→ ABOUT THIS TASK
Give the entries again exactly; drop the pictures.

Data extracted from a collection
• • • • • • •

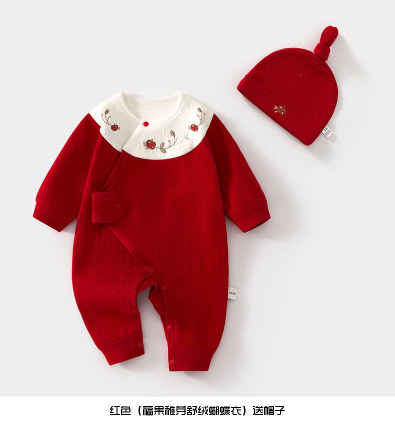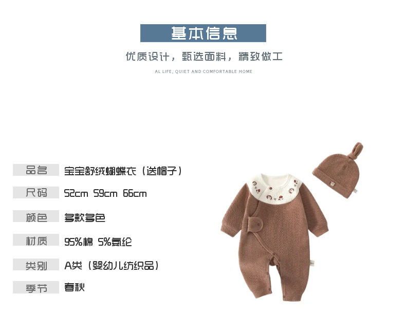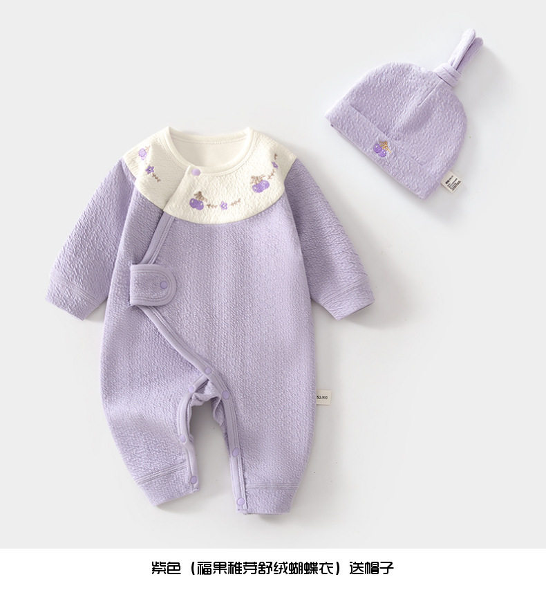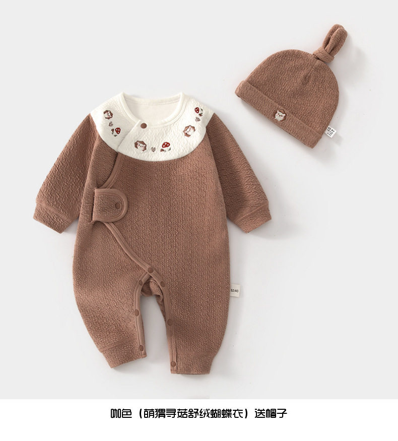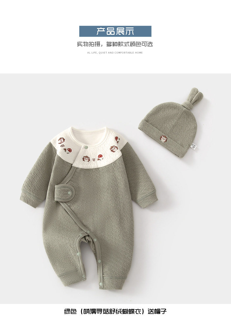 新生儿婴儿蝴蝶衣舒绒连体衣宝宝春秋送帽子爬服初生和尚服哈衣
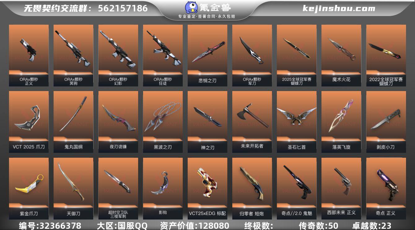 【自带包赔 可赔三倍】:库存价值128080 限定22 25 VCT爪刀 双城狂徒 12w大库存号 性价比超值 【限定】: 无畏契约季前邀请赛 悲悯之刃, 2025全球冠军赛 狂徒, 2025全球冠军赛 蝴蝶刀, 2022全球冠军赛 幻影, 2022全球冠军赛 蝴蝶刀, VCT 2025 爪刀, 双城之战 狂徒 【近战】: 天御刀, 超时空卫队 三棱军刺, 无畏契约季前邀请赛 悲悯之刃, 未来开拓者, 2025全球冠军赛 蝴蝶刀, 魔术火花, 黑波之刃, 紫金爪刀, 影钩, 2022全球冠军赛 蝴蝶刀, 圣石匕首, 神之刃, 剥皮小刀, 夜刃诡镰, VCT 2025 爪刀, 落英飞旋, 鬼丸国纲 【狂徒】: 盖亚的复仇 狂徒, 堕天遗武 狂徒, 光荣异象 狂徒, 创·纪元 狂徒, 多弥尔的复仇 狂徒, 机动狂飙 狂徒, 2025全球冠军赛 狂徒, 日冕雄师 狂徒, 紫阙金琅 狂徒, 冰点凝冻 狂徒, RGX 11z Pro 狂徒, 洪荒怒焰 狂徒, 离子武器//2.0 狂徒, 混沌序曲 狂徒, 塑水宗 狂徒, 掠影 狂徒, 双城之战 狂徒 【幻影】: 般若假面 幻影, 末日泡泡 幻影, 2022全球冠军赛 幻影, 异鳞魔蛇 幻影, 神中神罚 幻影, 侦察力量 幻影, 千灵华绽 幻影 【冥驹】: 离子武器 冥驹, 堕天遗武 冥驹 【正义】: 掠影//3.0 追猎, 千灵华绽 正义, 离子武器 正义, 塑水宗 正义, 奇点 正义,...
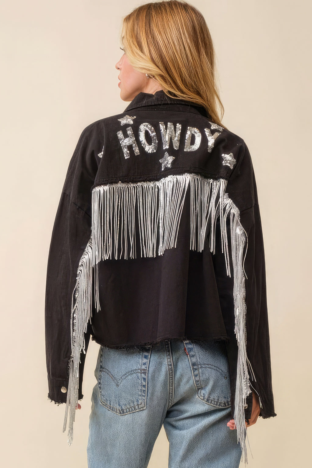 Saddle up and make a statement with the Howdy Sequin Fringe and Star Patches Jacket. Add it to your cart now and let your Western spirit shine through!
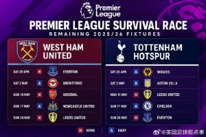 保级大战!👀 最后五轮西汉姆联3主2客,热刺2主3客
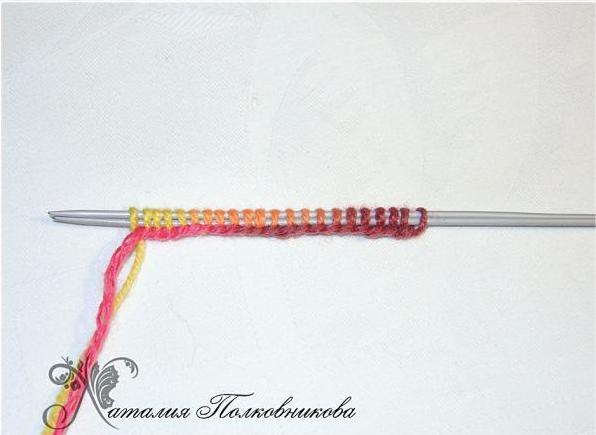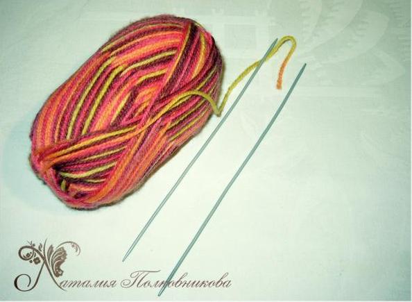 Итак, для вязания нам понадобятся ниточки, можно взять остаточки: разные клубочки, только по цветам их подобрать и чулочные спицы.
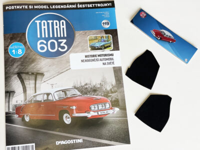 Časopis č.119 stavebnice modelu TATRA 603 od firmy DeAgostiny přináší díly koberec interiéru část 3. V příštím časopisu č.121 naleznete:
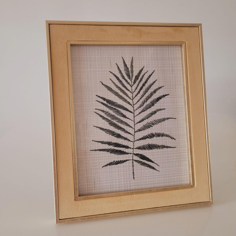 Porta retrato em MDF dourado, com detalhe em veludo bege. Para fotografia 20 x 25cm.
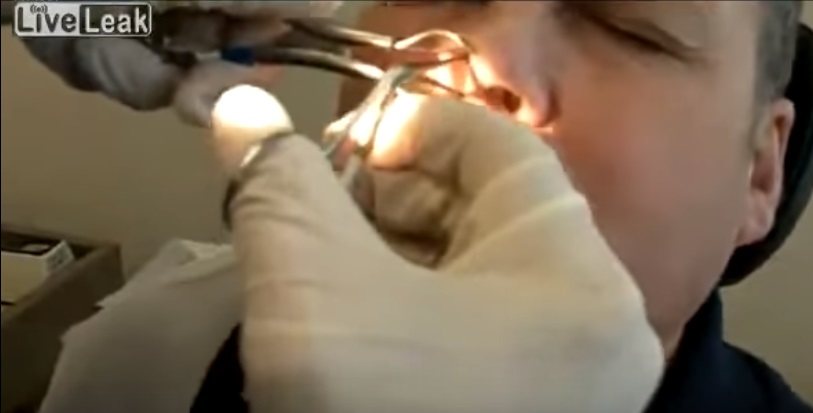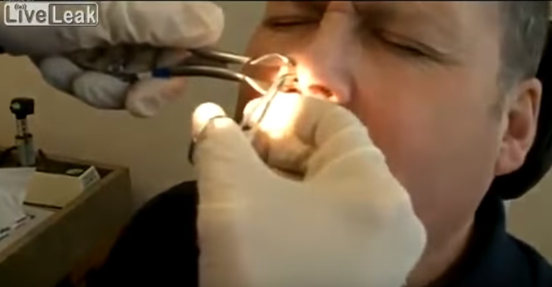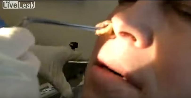 ROMA – Un medico scava nel naso di un paziente con la pinza ed ecco cosa ne estrae: una gigantesca caccola, un enorme pezzo di moccio secco, che è proprio disgustosa da vedere. In termini scientifici, si tratta di muco nasale essiccato che, informa Wikipedia,

• • • • • • •

→ SOLVED EXERCISE
 新生儿婴儿蝴蝶衣舒绒连体衣宝宝春秋送帽子爬服初生和尚服哈衣
 【自带包赔 可赔三倍】:库存价值128080 限定22 25 VCT爪刀 双城狂徒 12w大库存号 性价比超值 【限定】: 无畏契约季前邀请赛 悲悯之刃, 2025全球冠军赛 狂徒, 2025全球冠军赛 蝴蝶刀, 2022全球冠军赛 幻影, 2022全球冠军赛 蝴蝶刀, VCT 2025 爪刀, 双城之战 狂徒 【近战】: 天御刀, 超时空卫队 三棱军刺, 无畏契约季前邀请赛 悲悯之刃, 未来开拓者, 2025全球冠军赛 蝴蝶刀, 魔术火花, 黑波之刃, 紫金爪刀, 影钩, 2022全球冠军赛 蝴蝶刀, 圣石匕首, 神之刃, 剥皮小刀, 夜刃诡镰, VCT 2025 爪刀, 落英飞旋, 鬼丸国纲 【狂徒】: 盖亚的复仇 狂徒, 堕天遗武 狂徒, 光荣异象 狂徒, 创·纪元 狂徒, 多弥尔的复仇 狂徒, 机动狂飙 狂徒, 2025全球冠军赛 狂徒, 日冕雄师 狂徒, 紫阙金琅 狂徒, 冰点凝冻 狂徒, RGX 11z Pro 狂徒, 洪荒怒焰 狂徒, 离子武器//2.0 狂徒, 混沌序曲 狂徒, 塑水宗 狂徒, 掠影 狂徒, 双城之战 狂徒 【幻影】: 般若假面 幻影, 末日泡泡 幻影, 2022全球冠军赛 幻影, 异鳞魔蛇 幻影, 神中神罚 幻影, 侦察力量 幻影, 千灵华绽 幻影 【冥驹】: 离子武器 冥驹, 堕天遗武 冥驹 【正义】: 掠影//3.0 追猎, 千灵华绽 正义, 离子武器 正义, 塑水宗 正义, 奇点 正义,...
 Saddle up and make a statement with the Howdy Sequin Fringe and Star Patches Jacket. Add it to your cart now and let your Western spirit shine through!
 保级大战!👀 最后五轮西汉姆联3主2客,热刺2主3客
 Итак, для вязания нам понадобятся ниточки, можно взять остаточки: разные клубочки, только по цветам их подобрать и чулочные спицы.
 Časopis č.119 stavebnice modelu TATRA 603 od firmy DeAgostiny přináší díly koberec interiéru část 3. V příštím časopisu č.121 naleznete:
 Porta retrato em MDF dourado, com detalhe em veludo bege. Para fotografia 20 x 25cm.
 ROMA – Un medico scava nel naso di un paziente con la pinza ed ecco cosa ne estrae: una gigantesca caccola, un enorme pezzo di moccio secco, che è proprio disgustosa da vedere. In termini scientifici, si tratta di muco nasale essiccato che, informa Wikipedia,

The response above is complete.